After writing to a file, why does os.path.getsize still return the previous size?

Maulin picture Maulin · Jun 18, 2009 · Viewed 25.8k times · Source

I am trying to split up a large xml file into smaller chunks. I write to the output file and then check its size to see if its passed a threshold, but I dont think the getsize() method is working as expected.

What would be a good way to get the filesize of a file that is changing in size.

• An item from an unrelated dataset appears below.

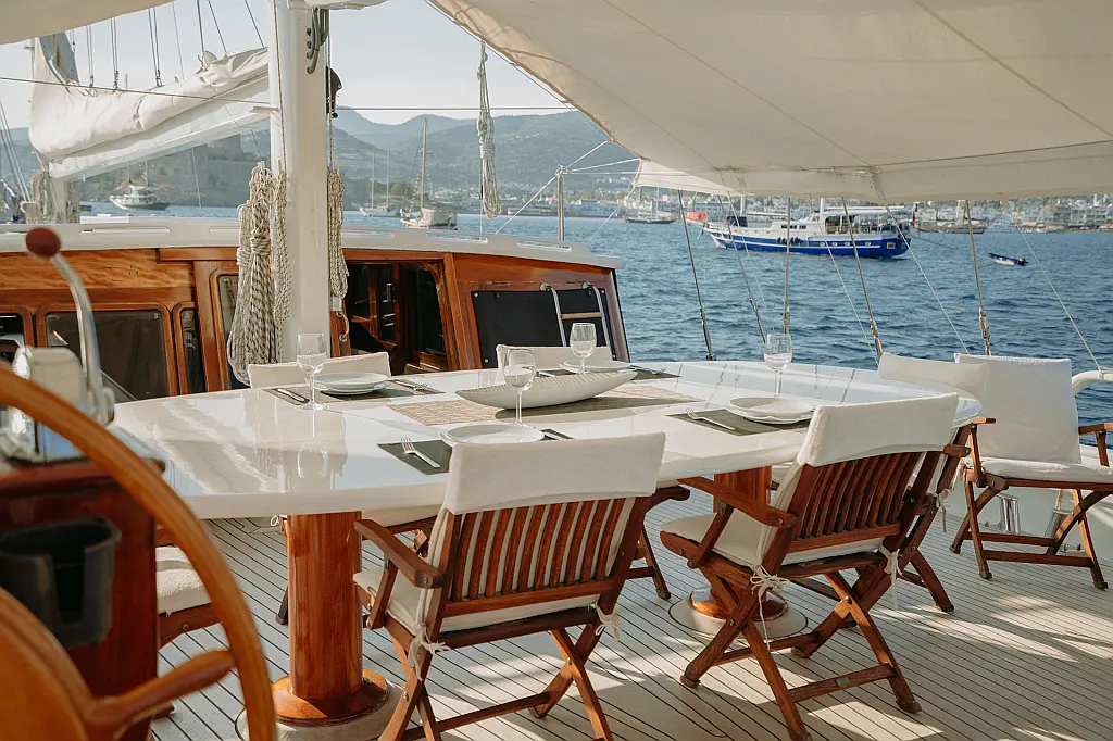 Außenbordmotor, Bimini, Beiboot, Eismaschine, Wassermacher, Wi-Fi und Internet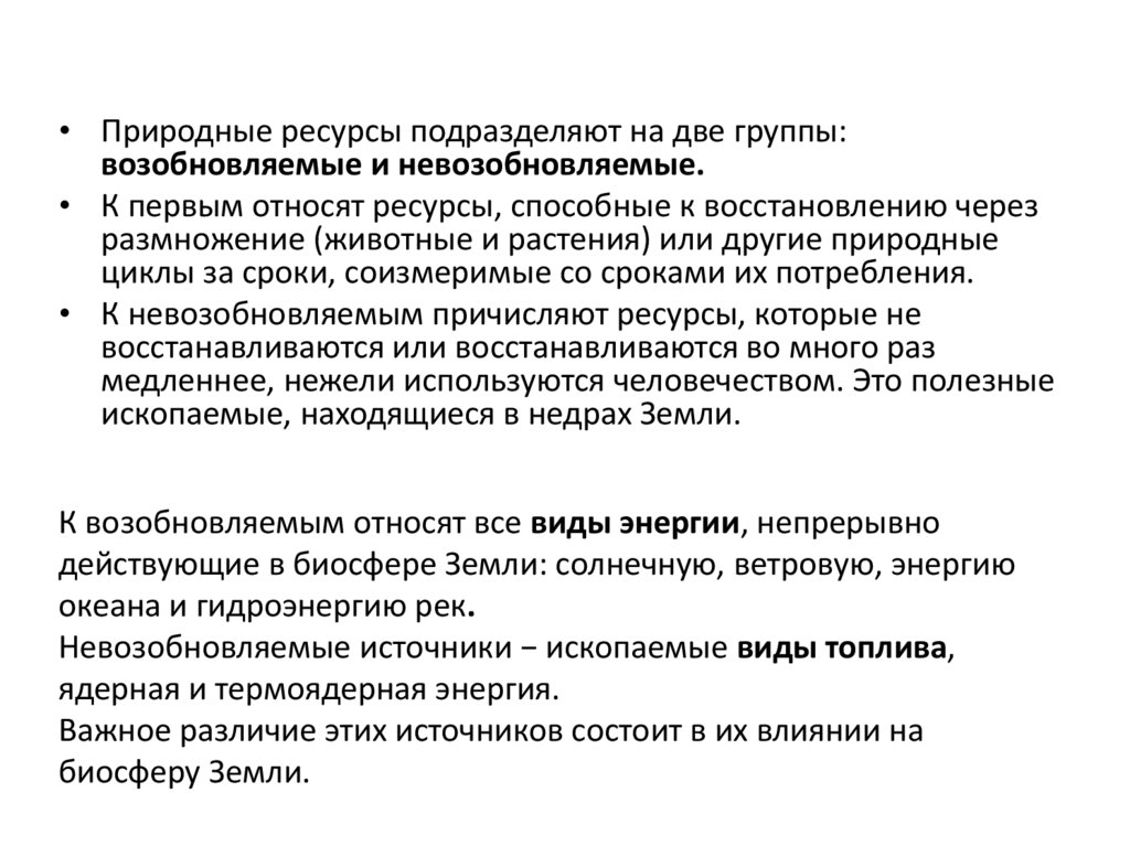 • Природные ресурсы подразделяют на две группы:возобновляемые и невозобновляемые.

Ive done something like this...

import string
import os

f1 = open('VSERVICE.xml', 'r')
f2 = open('split.xml', 'w')

for line in f1:
  if str(line) == '</Service>\n':
    break
  else:
    f2.write(line)
    size = os.path.getsize('split.xml')
    print('size = ' + str(size))

running this prints 0 as the filesize for about 80 iterations and then 4176. Does Python store the output in a buffer before actually outputting it?

Answer

Sri picture Sri · Apr 28, 2011

File size is different from file position. For example,

os.path.getsize('sample.txt') 

It exactly returns file size in bytes.

But

f = open('sample.txt')
print f.readline()
f.tell() 

Here f.tell() returns the current position of the file handler - i.e. where the next write will put its data. Since it is aware of the buffering, it should be accurate as long as you are simply appending to the output file.